Extracted entries START

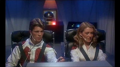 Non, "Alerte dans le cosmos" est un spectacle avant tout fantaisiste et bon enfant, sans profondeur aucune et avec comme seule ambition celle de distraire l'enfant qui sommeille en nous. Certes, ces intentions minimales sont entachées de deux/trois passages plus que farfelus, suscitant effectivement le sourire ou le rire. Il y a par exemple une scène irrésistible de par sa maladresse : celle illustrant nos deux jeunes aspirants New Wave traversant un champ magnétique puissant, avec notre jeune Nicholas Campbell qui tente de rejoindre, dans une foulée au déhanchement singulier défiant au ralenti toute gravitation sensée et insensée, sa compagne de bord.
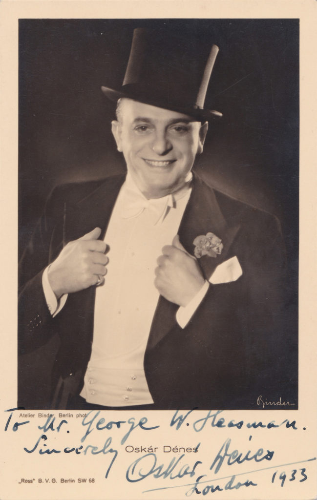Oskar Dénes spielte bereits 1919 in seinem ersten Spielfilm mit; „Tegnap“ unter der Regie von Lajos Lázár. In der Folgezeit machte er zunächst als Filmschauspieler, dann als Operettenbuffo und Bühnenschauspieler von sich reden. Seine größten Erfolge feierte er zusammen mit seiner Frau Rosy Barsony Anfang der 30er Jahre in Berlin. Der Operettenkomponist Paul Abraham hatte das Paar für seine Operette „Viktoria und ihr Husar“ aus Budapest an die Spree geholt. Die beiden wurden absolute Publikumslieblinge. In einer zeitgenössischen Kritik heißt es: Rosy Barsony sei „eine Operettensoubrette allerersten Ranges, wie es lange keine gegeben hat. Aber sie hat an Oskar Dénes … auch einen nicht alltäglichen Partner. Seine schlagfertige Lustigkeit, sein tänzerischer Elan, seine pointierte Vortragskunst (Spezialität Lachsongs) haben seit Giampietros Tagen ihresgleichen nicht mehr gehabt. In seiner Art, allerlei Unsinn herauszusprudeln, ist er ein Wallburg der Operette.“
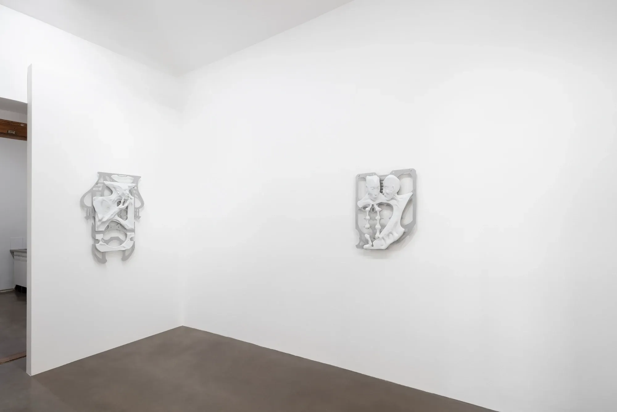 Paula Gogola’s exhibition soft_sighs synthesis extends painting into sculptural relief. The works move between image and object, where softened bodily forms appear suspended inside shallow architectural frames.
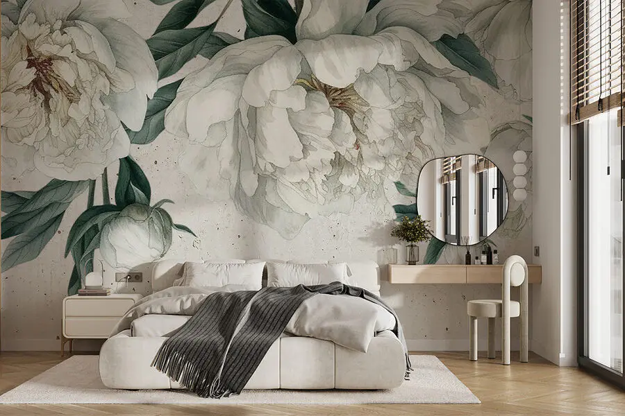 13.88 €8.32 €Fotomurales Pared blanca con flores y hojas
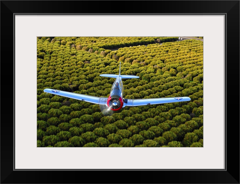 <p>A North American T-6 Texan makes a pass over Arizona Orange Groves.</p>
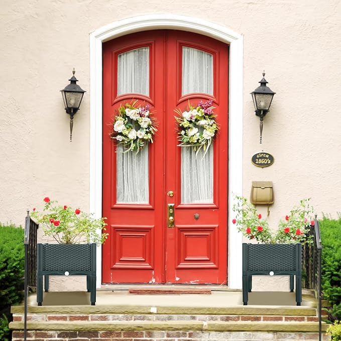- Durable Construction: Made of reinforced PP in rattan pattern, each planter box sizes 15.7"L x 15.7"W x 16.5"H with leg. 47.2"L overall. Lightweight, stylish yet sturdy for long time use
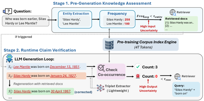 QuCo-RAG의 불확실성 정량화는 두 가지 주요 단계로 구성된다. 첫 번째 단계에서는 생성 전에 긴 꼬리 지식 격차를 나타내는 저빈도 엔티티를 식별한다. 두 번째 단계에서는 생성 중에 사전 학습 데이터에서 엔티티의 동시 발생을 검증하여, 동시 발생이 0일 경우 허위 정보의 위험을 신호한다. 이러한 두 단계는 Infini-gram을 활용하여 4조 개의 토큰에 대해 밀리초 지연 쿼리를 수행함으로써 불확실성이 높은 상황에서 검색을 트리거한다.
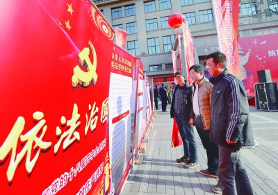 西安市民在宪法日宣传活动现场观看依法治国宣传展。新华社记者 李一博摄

Extracted entries END

What you need to do: All of the entries above should be copied exactly, except for the pictures.

Response:
 Non, "Alerte dans le cosmos" est un spectacle avant tout fantaisiste et bon enfant, sans profondeur aucune et avec comme seule ambition celle de distraire l'enfant qui sommeille en nous. Certes, ces intentions minimales sont entachées de deux/trois passages plus que farfelus, suscitant effectivement le sourire ou le rire. Il y a par exemple une scène irrésistible de par sa maladresse : celle illustrant nos deux jeunes aspirants New Wave traversant un champ magnétique puissant, avec notre jeune Nicholas Campbell qui tente de rejoindre, dans une foulée au déhanchement singulier défiant au ralenti toute gravitation sensée et insensée, sa compagne de bord.
Oskar Dénes spielte bereits 1919 in seinem ersten Spielfilm mit; „Tegnap“ unter der Regie von Lajos Lázár. In der Folgezeit machte er zunächst als Filmschauspieler, dann als Operettenbuffo und Bühnenschauspieler von sich reden. Seine größten Erfolge feierte er zusammen mit seiner Frau Rosy Barsony Anfang der 30er Jahre in Berlin. Der Operettenkomponist Paul Abraham hatte das Paar für seine Operette „Viktoria und ihr Husar“ aus Budapest an die Spree geholt. Die beiden wurden absolute Publikumslieblinge. In einer zeitgenössischen Kritik heißt es: Rosy Barsony sei „eine Operettensoubrette allerersten Ranges, wie es lange keine gegeben hat. Aber sie hat an Oskar Dénes … auch einen nicht alltäglichen Partner. Seine schlagfertige Lustigkeit, sein tänzerischer Elan, seine pointierte Vortragskunst (Spezialität Lachsongs) haben seit Giampietros Tagen ihresgleichen nicht mehr gehabt. In seiner Art, allerlei Unsinn herauszusprudeln, ist er ein Wallburg der Operette.“
 Paula Gogola’s exhibition soft_sighs synthesis extends painting into sculptural relief. The works move between image and object, where softened bodily forms appear suspended inside shallow architectural frames.
 13.88 €8.32 €Fotomurales Pared blanca con flores y hojas
 <p>A North American T-6 Texan makes a pass over Arizona Orange Groves.</p>
- Durable Construction: Made of reinforced PP in rattan pattern, each planter box sizes 15.7"L x 15.7"W x 16.5"H with leg. 47.2"L overall. Lightweight, stylish yet sturdy for long time use
 QuCo-RAG의 불확실성 정량화는 두 가지 주요 단계로 구성된다. 첫 번째 단계에서는 생성 전에 긴 꼬리 지식 격차를 나타내는 저빈도 엔티티를 식별한다. 두 번째 단계에서는 생성 중에 사전 학습 데이터에서 엔티티의 동시 발생을 검증하여, 동시 발생이 0일 경우 허위 정보의 위험을 신호한다. 이러한 두 단계는 Infini-gram을 활용하여 4조 개의 토큰에 대해 밀리초 지연 쿼리를 수행함으로써 불확실성이 높은 상황에서 검색을 트리거한다.
 西安市民在宪法日宣传活动现场观看依法治国宣传展。新华社记者 李一博摄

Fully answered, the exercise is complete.